As a movie producer and director Hughes supported anti-communist activities and the blacklist, as an industrialist he allowed his businesses to participate in CIA activities, and he was deeply but secretively involved in the Watergate Scandal of the 1970s.

The FBI files have led researchers to surmise that the famous “18-minute gap” of erased material on the Watergate tapes removed from the record references to Howard Hughes. Hughes’s relationship to the Nixon organization dated back to the 1960 presidential campaign, when Richard Nixon’s brother Donald was revealed to have obtained a questionable loan of over $200,000 from Hughes. When Watergate was unraveling as a scandal it was revealed that Hughes had worked secretly with the Democratic National Committee through its Chairman Larry O’Brien.

Their goal was to direct information regarding Nixon’s financial interests with Hughes to the campaign of Democratic candidate Hubert Humphrey. According to Terry Lenzner, who served as the Senate Watergate Committee’s Chief Investigator, it was Nixon’s desire to know what information the Democrats had on his relationship with Howard Hughes which prompted the break-in at the Watergate Hotel.

Howard Hughes’s will and the numerous frauds and hoaxes which surrounded the final distribution of his estate were worthy of FBI notice as well. One of the most famous is the so-called Mormon Will, which left most of his estate to Hughes Medical Institute and the rest largely to his staff and senior executives. Handwritten, it was supposedly found in a desk at the Church of the Latter-Day Saints in Salt Lake City.

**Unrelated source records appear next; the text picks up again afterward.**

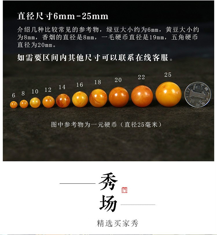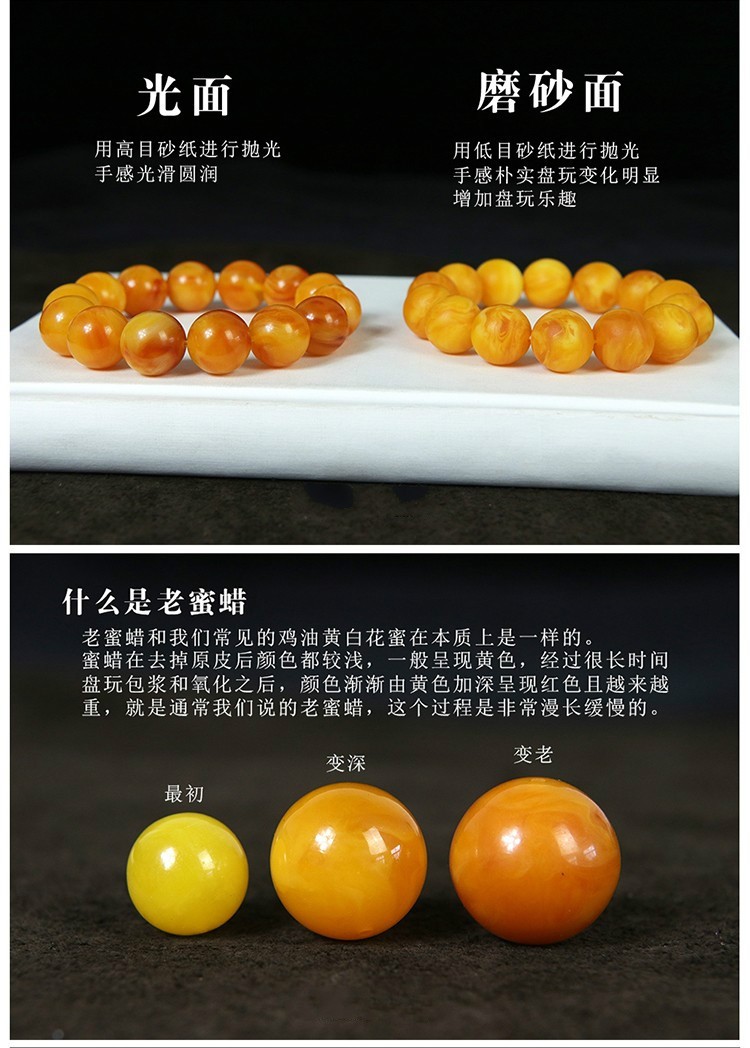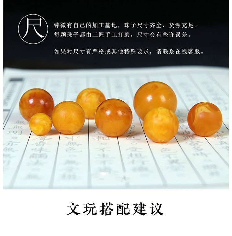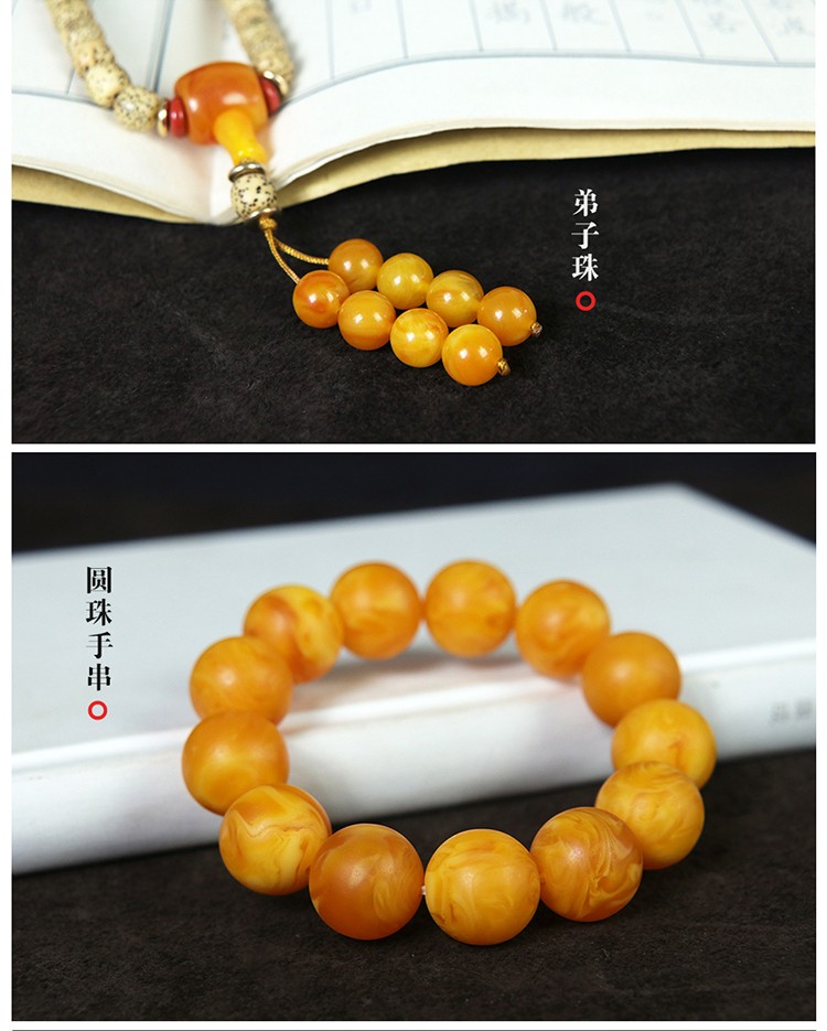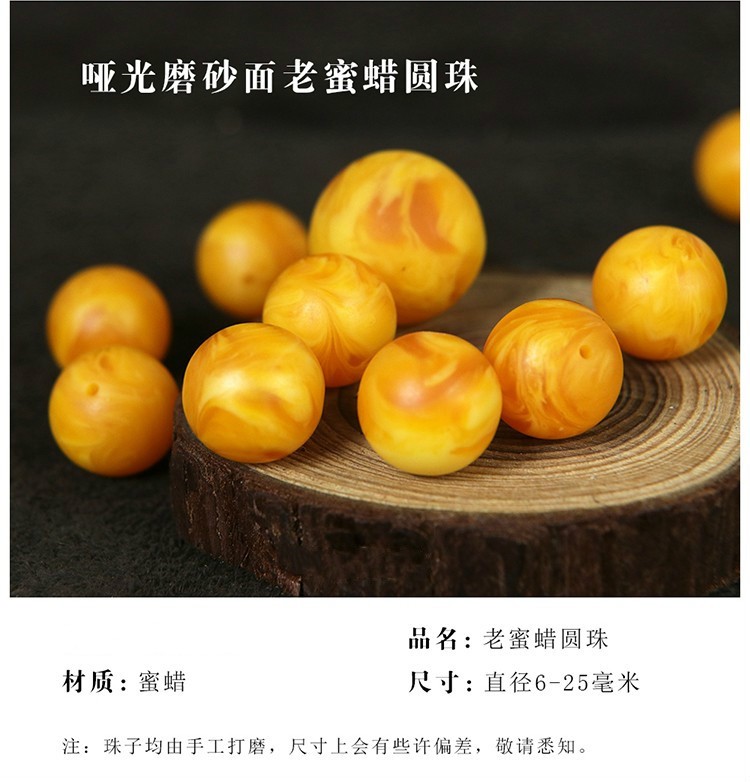 Lianju Chicken Fat Yellow Old Beeswax Round Bead Single Bead Loose Bead Bead Bracelet Bracelet King Kong with Beads Smooth Old Beeswax Diameter 6MM/Single Bead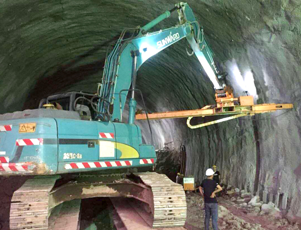 遼寧沈陽中鐵-神鋼挖機改裝隧道錨桿鉆機38-54mm4米深
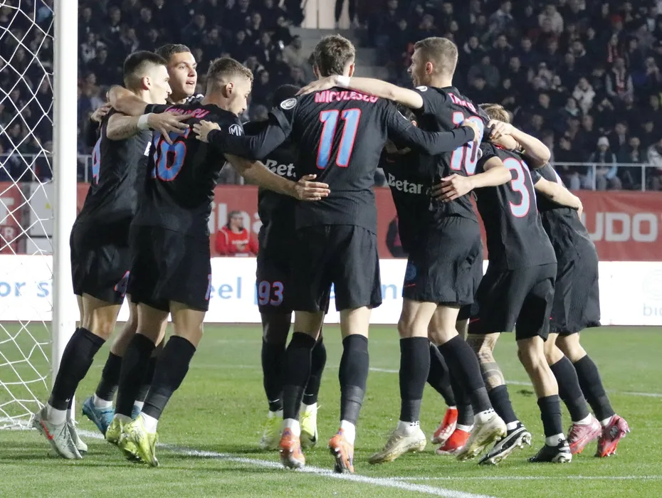 Fotbalistii ros-albastrii se bucura dupa un gol marcat in meciul de fotbal dintre AFC Hermannstadt Sibiu si FCSB, contand pentru Superliga Superbet, desfasurat pe Stadionul Municipal din Sibiu, duminica 9 noiembrie 2025. © FOTO:Valentin Macrea/SPORT PICTURES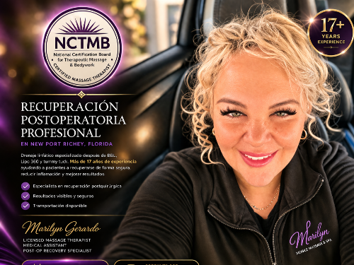 Marilyn Gerardo LMT, NCTMB, RMA is a Specialist in Medical massage in Hernando and Pasco area FL. She is affiliated with the National Board of Massage and Florida Health. Her company accepts new clients and offers services from the comfort of your home. Marilyn Mobile Massage it's an independent company that provides services from the comfort of your home, and we are proud to be the favorite option of our clients since in this way their recovery is faster and more pleasant. At Marilyn Mobile ...

The will was left with the Church by a gas station attendant named Melvin Dummar who claimed to have rescued Hughes from being stranded – unkempt and seedy in appearance – along the side of a road in 1967. Several days later a man appeared at Dummar’s gas station and presented him with the will. The will left Dummar $156 million. Found to be fraudulent in 1978, Hughes was declared instead to have died intestate. The FBI file contains evidence later uncovered which indicates that Dummar, however improbable, may well have been telling the truth.

The Eccentric Mogul: 8 Facts About the Strange Life of Howard Hughes

He was a close friend of Cary Grant

Howard Hughes and Cary Grant were longtime friends, with Hughes serving as best man at Grant’s wedding to actress Betsy Drake. Grant often told the questionable story of the two of them flying one night over Warner Brothers studio building in Hollywood, dropping bags of flour onto the roof and laughing riotously at the patterns the exploding bags left behind. Grant would often say that the two remained friends because neither wanted anything from the other.

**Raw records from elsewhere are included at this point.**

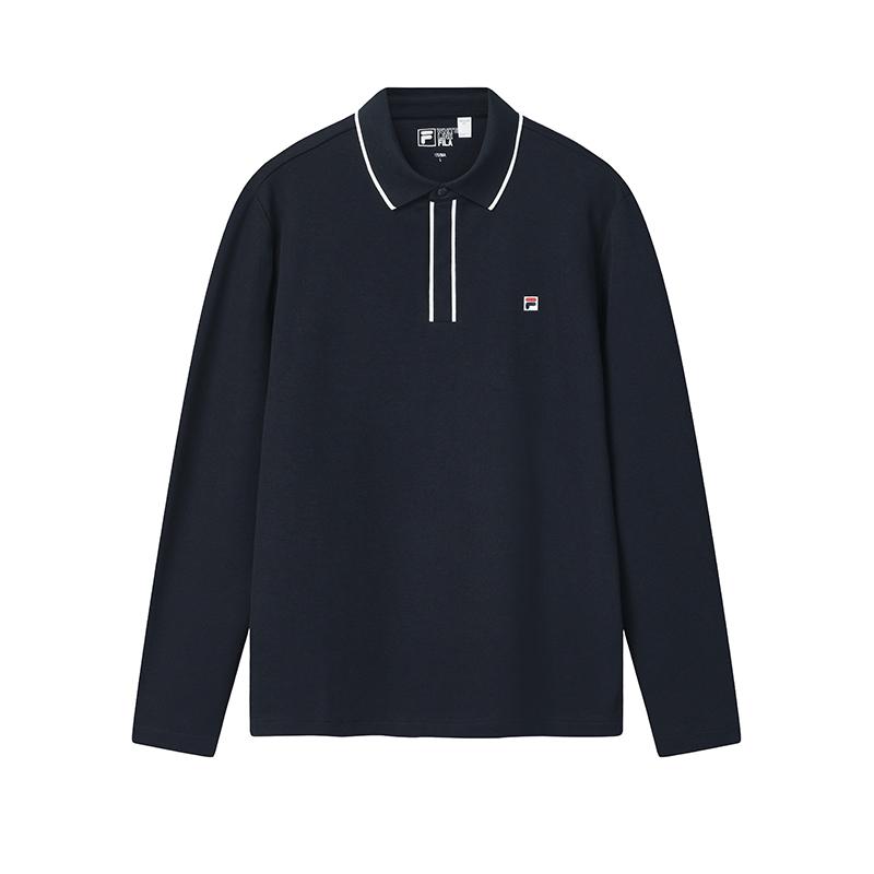 FILA Heritage Elite Classic Simple Fashion Casual Comfortable Versatile Knitted Long Sleeve Polo Shirt Men tops Legendary-Blue F11M618206FNV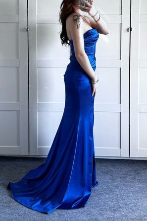 Mermaid Sweetheart Strapless Satin Empire Ruched Long Prom Dress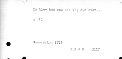 //// Då blev hon ond och tog sin stav... //// s. 21 //// ^ Gunnarskog (VI) //// I.F.G.H.: 3137 ////

Grant also described Howard’s wardrobe as sparse. “He owned only two suits. He never owned a tuxedo. If he needed one, he’d borrow one of mine.” Like Hughes, Grant remained an outsider for most of his career, eschewing the glitz of Hollywood for a more private existence.

Their friendship was close enough that when Hughes was released from the hospital following his horrific crash in 1946, it was to Grant’s home that he went to continue his recuperation.

Their friendship remained unexposed to the public eye for most of their lives, with Hughes never, and Grant seldom, expounding upon it to the press.